Storytellers: Generationality, working-class identity, and women’s personal narrative
Plan Author
- Kelly Hickey, 2016
Fields of Concentration
- History
- Visual Arts
Sample Courses
- Course: Survey of Art History from 1800 to the Present
- Course: The Politics of Change: Radical Movements in the Late 20th-Century U.S.
- Tutorial: Women, Class, and Feminism in the 1970s
- Tutorial: Humor and Alternative Narrative
Project Description
Exhibition of mixed media works investigating visual narrative.
Faculty Sponsors
- Cathy Osman
- Kate Ratcliff
Outside Evaluator
- Lynne Yamamoto, Smith College
Overview
This Plan is a multimedia approach to understanding personal narratives, especially regarding class and gender, using printmaking, ceramics, drawing, and oral history accounts to explore the ways that people tell stories and share experiences. Much of my Plan deals with issues of class. Whether I’m interviewing feminist activists about class-consciousness within their organizations or drawing my great-aunt standing on a makeshift diving board on the pond, class is constantly on my mind. And how could it not be? I’m trying to carve a space for myself in an academic world that my family has never been a part of. I want to honor their experiences and ways of life in a manner that’s not entirely alien to that very existence. Academia has much to learn from the working class and poor, and I suppose that’s what I put forth with this Plan.
Excerpts
The only way to look at any of these movements is with a critical eye and compassionate heart. None of them worked as smoothly or effectively as desired. It’s so crucial to acknowledge their mistakes, particularly in homogeneity of membership and failure to address concerns of working-class women, women of color, and trans* women. Second wave feminism never became the overarching sisterhood its leaders, in one form or another, desperately hoped for. Perhaps if these groups of women had been included in a larger movement, we wouldn’t be facing supreme court rulings against women’s rights today.
Oral history can be a particularly useful frame for the rewriting of women’s history, when used carefully and in cooperation with narrators. Scholar Kristina Minister notes the difficulty of gathering women’s narratives in a larger public setting: “When one lacks realistic gender models and when self identity and social identity have been trimmed to ladylike size, anxiety floods one’s public speaking, especially in appearances before mixed-sex and large audiences.” Certainly some attempts at oral history fall into the trap of gender-dynamic reinforcement, and women feel unwilling or uninvited to share histories. For so long, women have been trained to speak about interpersonal relationships and aspects of their beings rather than things that they do.

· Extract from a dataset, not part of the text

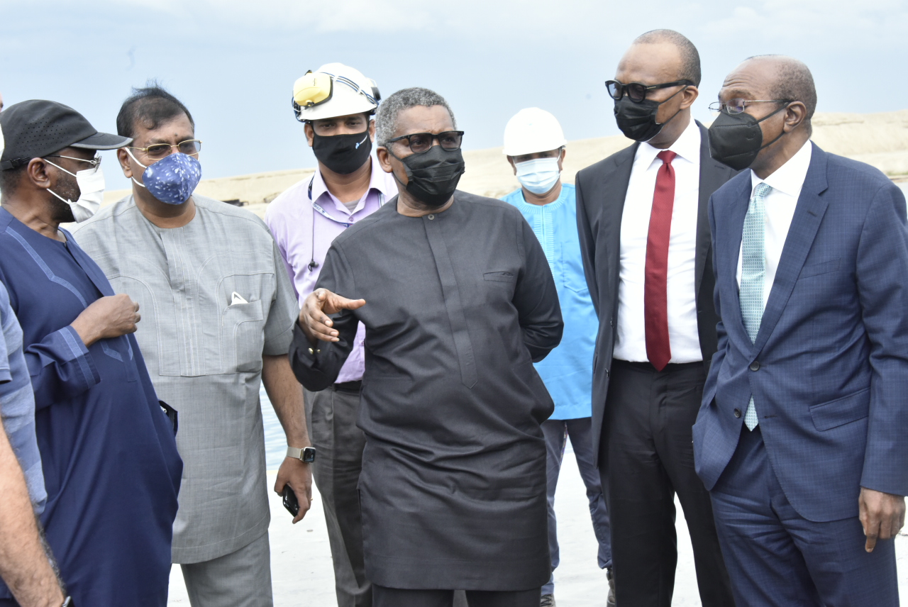 L- R: Senator Sabo Mohammed, Group Executive Director, Strategy, Capital Projects & Portfolio Development, Dangote Industries Limited, Devakumar Edwin, President of Dangote Industries Limited, Aliko Dangote, Managing Director of UBA plc, Kennedy Uzoka, Central Bank Governor, Godwin Emefiele. During the Central Bank Governor with Banks M.D. Visit Dangote Petroleum Refinery, Petrochemical Complex, Fertilizer Plant & Subsea Gas Pipeline Projects, Lekki Lagos on Friday 4th June 2021

From her artist statement: When I know my grandmother I’ll know myself. I will have a nest to live in. I’ll surround myself with pictures and memories and feelings, flowers, bugs, smooth stones, fingerprints. I love things that have been touched. I love things that are not special. The act of using an object over and over is one of devotion; of bearing witness. The value of these objects lies not in their form or function, but in the daily prayer of use.